1/30のしゅちょう
            文は田島薫

(戦争を止める方法、について 39)


ドイツのショルツ首相がウクライナに供与するかどうか迷っていた戦車は

米国のバイデン大統領もそれを供与する、ってことで自国で保持するそれ

の20分の1ぐらいの数量で同調することにしたらしい。
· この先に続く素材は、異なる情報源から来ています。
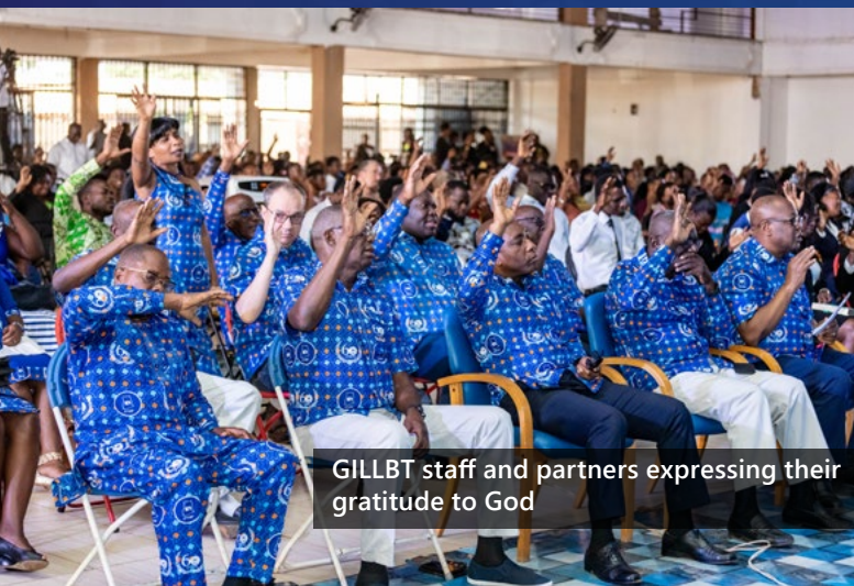
GILLBT staff and partners expressing their gratitude to God
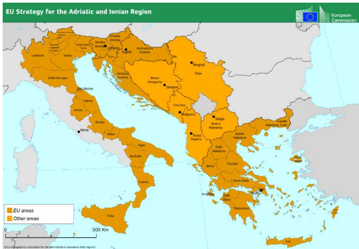
Figure 1 Map of EUSAIR countries
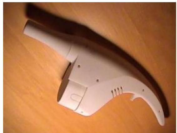
Figure 2 CAD modelling (left) leading to rapid prototype parts for proof of concept (right)

From a regional perspective, public money has been used to invest in expensive capital items. In some cases, the technology is well beyond the reach of our SME clients to afford. However, the
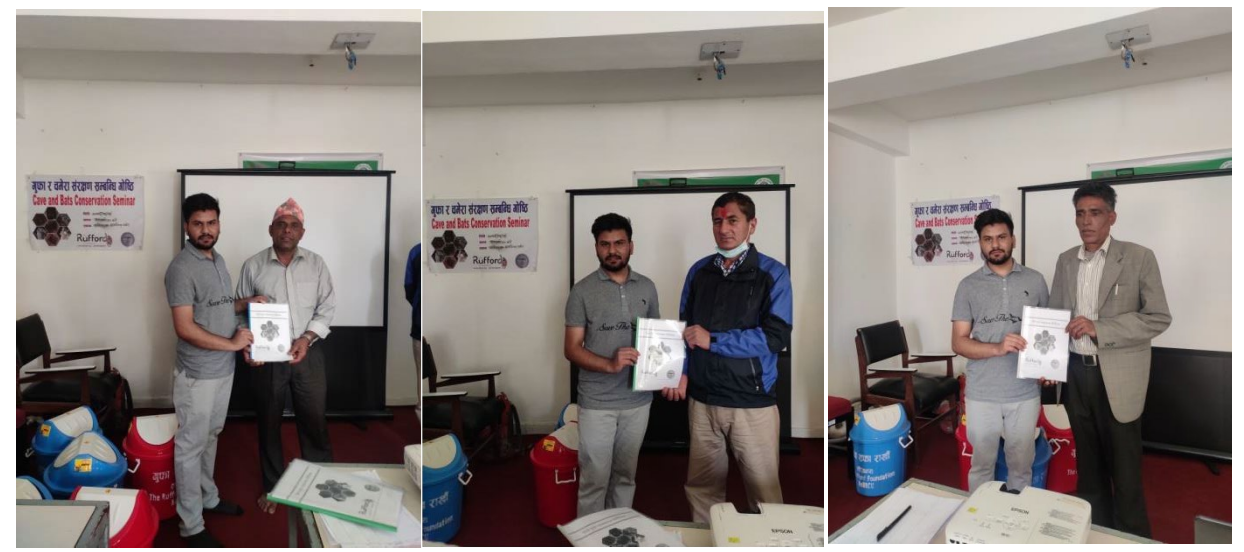
Figure 4: Distribution of cave management guideline to presidents of cave management committees.
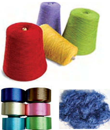
6.3 : Artificial threads
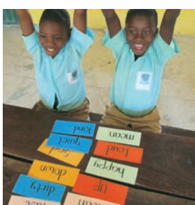
The winner is the pupil with the most cards.

Lagos-P5-Lit-w16-20-aw√.indd 8 2/9/16 3:41 PM

そういった西側の

動向に呼応したのか、ポーランドや英国も戦車の供与をすることになって

来て、ゼレンスキー大統領は感謝をしめしつつ、それの量とスピードがウ

クライナの勝利に不可欠だ、って言ってる。

一方、攻撃を継続してるロシアの方は、民間軍事会社の傭兵が数千人死亡

してる、って西側の情報もある中、本格的攻勢はこれからで必ずロシアが

勝利する、って言ってるし、ロシアとの親善外交したわが国の森元首相も

ウクライナが大国ロシアを負かすことは不可能だ、って言ってる。

わが国の岸田首相は、唯一の核兵器被爆国や平和憲法に基づいた立場から

独自の積極的和平提案なり仲裁努力をすればいいものを、米国と同調して

ればいい、って態度で敵地攻撃能力保持を含めた軍備拡充を議会にもかけ

ずに独断で決めてしまい、対外的緊張状況を自ら作ってる。

西側諸国の立場では、ゼレンスキー大統領の主張に沿って彼の責任の元、

ウクライナ主体で、本格介入してない形で支援して、あわよくば、ウクラ

イナが国際ルールを無視して侵攻したロシアを撤退させることができれば

それに越したことはない、って考えてるんだろう。

ウクライナが悪のロシアに反撃しての国土を守る、って合言葉は正当なも

のに聞こえるし、ウクライナ国民のほとんどはそれを信じてるんだろうけ

ど、国土、って何だ?って言えば、ひとつの国のそこで生活する人々の土

地、ってことになるとしても、歴史的には、世界の国々は分割されたり独

立したりを繰り返して今日に至ってるわけで、祖国、ってもんがずっと固

定された不同のものではなかったのだし、祖国で一番大事なのはそこで暮

す人々の幸せ、ってことのはずなのに、土地そのものを守るために、強制

的に戦争に参加させられて、日夜双方の国の人々の命が危険にさらされる、

って状況が正しいわけはないのだ。

とりあえず、2つの世界大戦を経て、もう侵略のようなことはお互い止め

ようじゃないか、ってことで国際連盟や国際連合が作られた中、今だに各

国は西も東も軍拡競争のようなことを止めてないわけで、いつも、お互い

に侵略される不安をかかえてるので、やられる前にやっつけちゃおう、っ

て意志を持ちやすくなってるので、そういった危機感を感じる状況になれ

ば、どこの国もロシアのような行動を取る可能性はあるのだ。

祖国を守る、ってような美辞麗句に酔って正義を謳うほど世界の国々はど

こだって立派な立場にあるわけじゃないのだから、ロシアが間違いを犯し

たのだとしても、悪、って切り捨てるんじなくて、当事国や周辺諸国だっ

て協力して一応それを受け入れてからその事情を聞いてあげたり妥協案を

提示したりの努力をするのが人類の平和への段取りなのだ。